RETAIL

Marketing ploys of retailers

M Byrne, Green Road, Abbeyleix, Co Laois

DEAR SIR: Every commodity has a value. There is nothing to cure a high price in a commodity market like a higher price; meaning that if too high a margin is being taken on a product, other producers will provide a more competitive price due to their advantages which may be scale, processing capacity or favourable climate.

However, what is happening with vegetables in our supermarkets has nothing to do with advantages in production, but has everything to do with marketing ploys and the domineering tactics of the multiple retailers.

In Ireland, we have a reputation for producing high quality food at competitive prices and, most importantly, with full transparency. We use good farming practices which maintain our land and watercourses in a state fit enough to be passed onto the next generation.

We have a very strict regime on the use of artificial herbicides and pesticides – we limit the amount of nitrates that are allowed to be used on crops and monitor all of our slaughtering facilities with qualified department veterinary inspectors.

In essence, the products which result from this effective regime are both safe and nutritious and represent value for the consumer. There is full transparency.

What is happening here is a race to the bottom and I think it is important to remind people of the horsemeat scandal, which erupted early this year and, reassuringly, was detected by our department. When this issue was stripped down to its essence, the key point was that the provider of beef burgers had one primary goal: to maintain their contract, i.e. to provide burgers to the masses at 8c per burger – when a prime, nutritious beef burger should cost in the region of 80c to produce. Essentially, you cannot make a silk purse out of a sow’s ear.

Over two years ago, Europe was also consumed with the issue of injecting chicken and other meat products with protein fluids which retained bulk in the meat in order to fool the consumer into believing that they were buying a certain weight of prime meat. However, when that meat hit the frying pan the water was quick to evaporate. There were serious concerns that the byproducts – other than water – were still present.

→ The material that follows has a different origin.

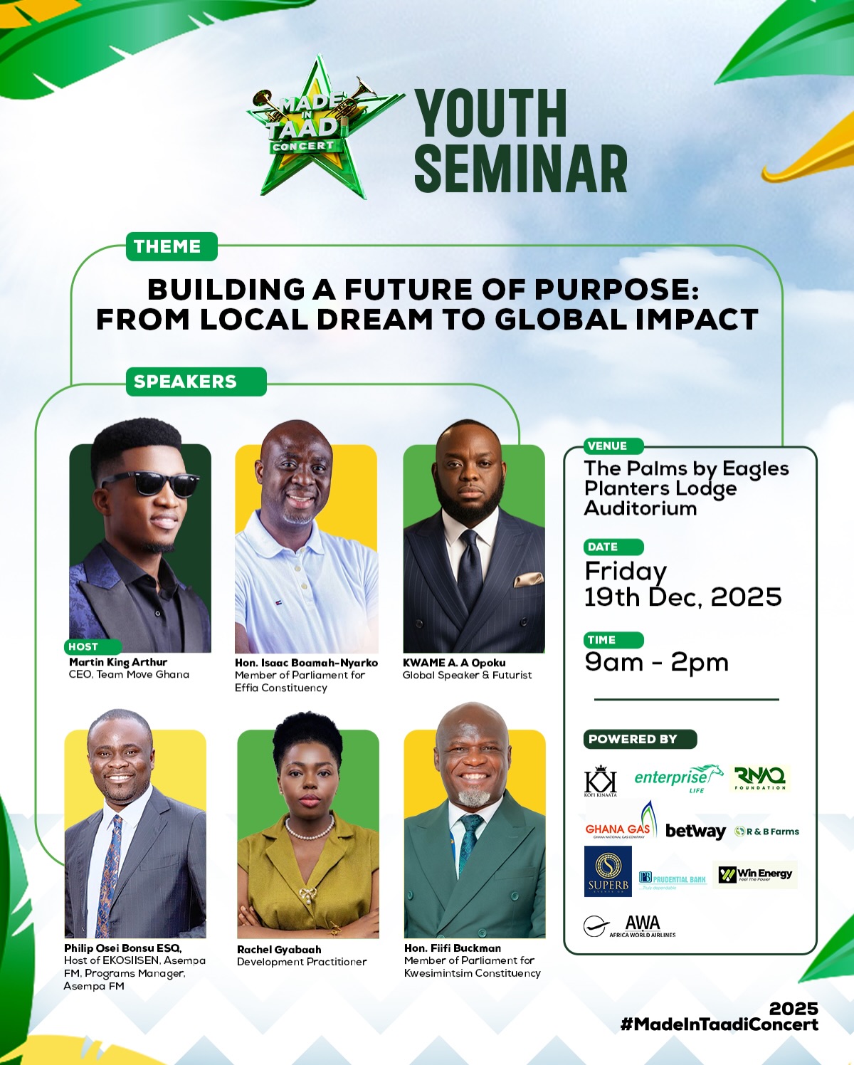 Ahead of the Made in Taadi concert, the Made in Taadi Youth Seminar 2025 is here to inspire, equip, and ignite purpose in the next generation. Under the theme “Building a Future of Purpose: From Local Dream to Global Impact,” this power-packed seminar brings together distinguished leaders, speakers and change-makers to shape minds and transform....

It is also worth reminding the consumer that our chicken producing industry has been decimated in Ireland with producers only receiving a few cents a bird. Thus leaving them no proper margins to run a sustainable business.

Only this year, Cappoquin Chickens closed down with the loss of hundreds of jobs, both in the farming and processing sectors. We now face the substitution of this chicken from sources, in many cases, where the standards of production would not meet the criteria we expect.

I believe, there should be a fixed percentage of the final price for the primary producer, because without this relationship large players will use their dominant position to bully farmers, and other people involved, in order to appease their shareholders.

This is a huge threat, to both our agricultural and manufacturing economy. There are inevitable consequences to this kind of behaviour, effectively it is giving away food.

Firstly, it devalues peoples’ opinion of food and they regard food as being ever present and ever cheap. Secondly, this leads to periods of cheap pricing followed by scarcity, where the price may not be the issue rather the availability of the food itself may come into question. The people who will suffer most when food goes scarce will be those who can afford it least.

Only two years ago the world went remarkably tight with grain stocks and the price shot up dramatically. If we artificially force down the price of food, primary producers will go out of business and will not be there in times of scarcity to resume production when our people need to be fed. We are in a privileged position in Ireland that we can feed our people and our animals.